Commissioner Bertha Delgado, who represents East Austin neighborhood associations on the commission, said she wants more consideration and recognition given to previous plans and proposals for the Nash Hernandez building, including community efforts and visioning that in some cases predate the focus on senior services.

“We wanted to integrate elders and youth to do a learning center, and have computers there because we have a gap when it comes to technology. We wanted the food forest to work with meal preparation to teach about food sustainability,” she said. “The way this proposal wants to make this a citywide thing and bring all these people into our park and our neighborhood, we are already encroached and we are not going to support this and have more people come into the area and utilize the space that the community worked hard for.”

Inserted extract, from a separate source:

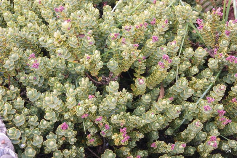 diese Hebe - einen Namen kann ich leider nicht ranschreiben - zeigt Blütenknospen. Sie wächst mehr breit als hoch.

The decision to delay the support for the project was intended to let commissioners closely review City Council action over the years related to the need for senior facilities, while also giving the community more opportunities to discuss the issue.

“With things like this I hate to see when there are a bunch of partners ready to pony up the dollars and do the work and there’s a building just not being used,” chair Amit Motwani said. “This is not a commitment of funding or a commitment of resources. I think this represents so much of what this commission can be sharing our opinion on, particularly with respect to the needs of one of the fastest-growing demographics, if not the fastest-growing demographic, in our city.”